**TASK DIRECTIONS:**
Set down exactly the lines below, starting at the one that contains "Fine quality pure" and ending at the one that contains "with adjustable straps.", with both of those lines included and nothing else.
*** Opening of ENTRIES SUPPLIED ***
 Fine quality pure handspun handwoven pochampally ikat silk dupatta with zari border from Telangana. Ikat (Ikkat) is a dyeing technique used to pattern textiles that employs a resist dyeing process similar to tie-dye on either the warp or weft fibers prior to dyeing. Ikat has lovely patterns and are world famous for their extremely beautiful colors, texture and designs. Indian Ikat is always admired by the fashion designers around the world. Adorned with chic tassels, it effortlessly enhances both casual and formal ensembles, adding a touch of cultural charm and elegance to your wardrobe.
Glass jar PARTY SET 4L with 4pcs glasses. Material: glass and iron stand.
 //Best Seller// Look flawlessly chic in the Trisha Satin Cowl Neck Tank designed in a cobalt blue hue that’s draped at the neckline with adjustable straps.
*** Close of ENTRIES SUPPLIED ***
*** Opening of ENTRIES SUPPLIED ***
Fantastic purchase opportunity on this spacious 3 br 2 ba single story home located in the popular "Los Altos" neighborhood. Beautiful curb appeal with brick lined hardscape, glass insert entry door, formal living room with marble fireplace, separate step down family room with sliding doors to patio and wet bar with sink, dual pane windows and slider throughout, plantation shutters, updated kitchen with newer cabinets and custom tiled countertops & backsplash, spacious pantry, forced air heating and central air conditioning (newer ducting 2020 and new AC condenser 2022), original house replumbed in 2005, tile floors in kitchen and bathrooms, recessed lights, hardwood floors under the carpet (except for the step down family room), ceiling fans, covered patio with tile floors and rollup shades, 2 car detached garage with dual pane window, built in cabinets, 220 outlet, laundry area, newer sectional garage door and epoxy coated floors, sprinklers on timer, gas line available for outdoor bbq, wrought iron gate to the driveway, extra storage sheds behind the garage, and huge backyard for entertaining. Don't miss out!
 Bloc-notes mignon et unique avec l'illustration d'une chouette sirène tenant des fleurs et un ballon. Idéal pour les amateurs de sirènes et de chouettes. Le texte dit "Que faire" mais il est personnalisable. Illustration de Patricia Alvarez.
*** Close of ENTRIES SUPPLIED ***
*** Opening of ENTRIES SUPPLIED ***
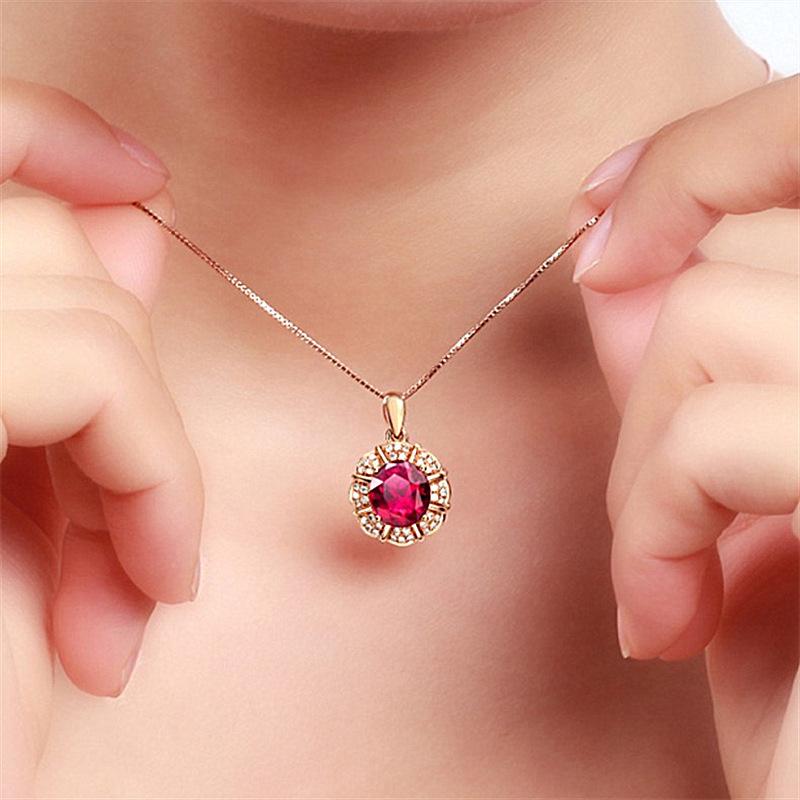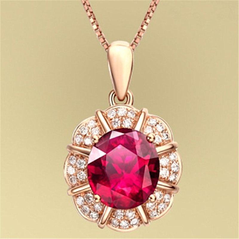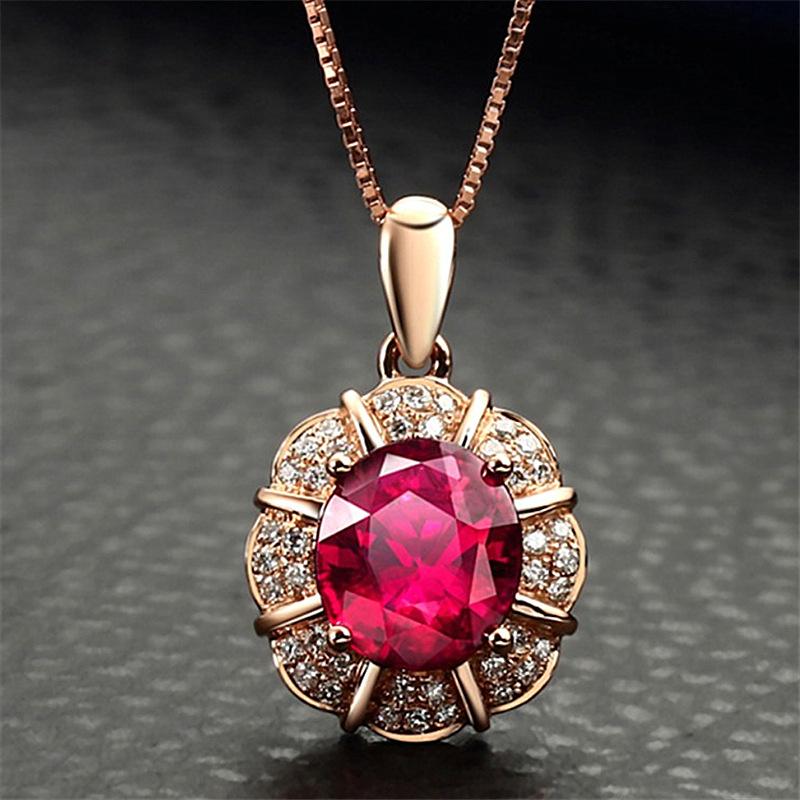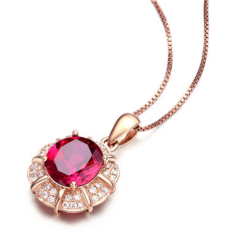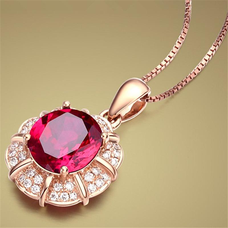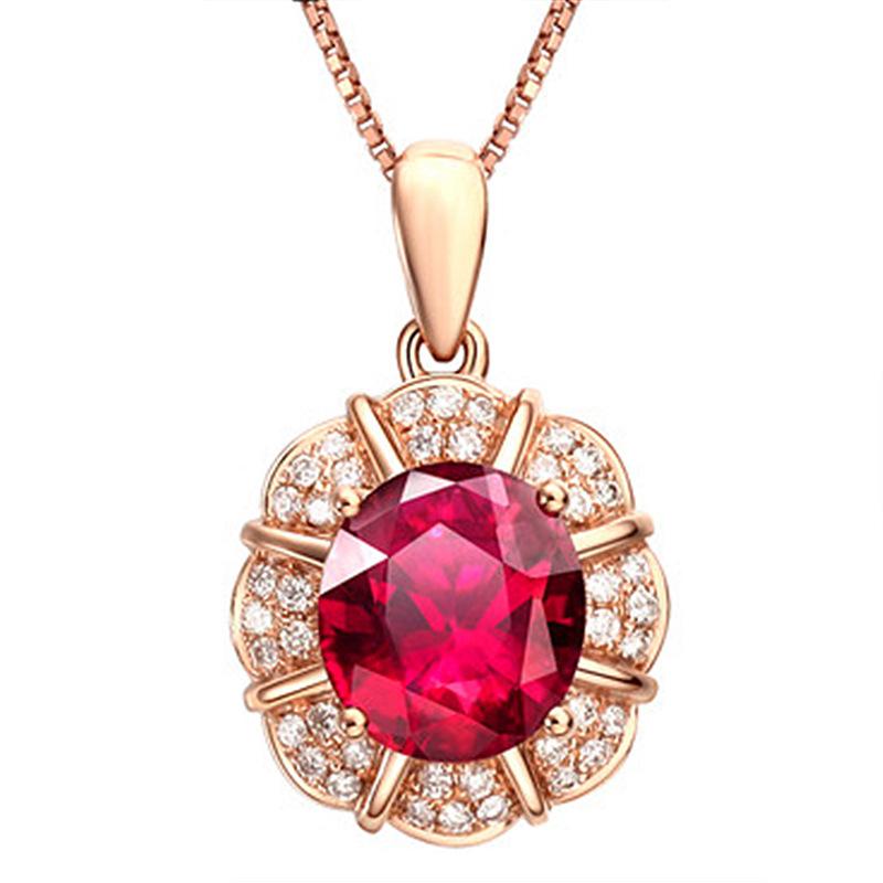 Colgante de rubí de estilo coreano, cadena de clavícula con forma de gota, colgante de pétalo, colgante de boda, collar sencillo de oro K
*** Close of ENTRIES SUPPLIED ***
**WRITTEN SOLUTION:**
 Fine quality pure handspun handwoven pochampally ikat silk dupatta with zari border from Telangana. Ikat (Ikkat) is a dyeing technique used to pattern textiles that employs a resist dyeing process similar to tie-dye on either the warp or weft fibers prior to dyeing. Ikat has lovely patterns and are world famous for their extremely beautiful colors, texture and designs. Indian Ikat is always admired by the fashion designers around the world. Adorned with chic tassels, it effortlessly enhances both casual and formal ensembles, adding a touch of cultural charm and elegance to your wardrobe.
Glass jar PARTY SET 4L with 4pcs glasses. Material: glass and iron stand.
 //Best Seller// Look flawlessly chic in the Trisha Satin Cowl Neck Tank designed in a cobalt blue hue that’s draped at the neckline with adjustable straps.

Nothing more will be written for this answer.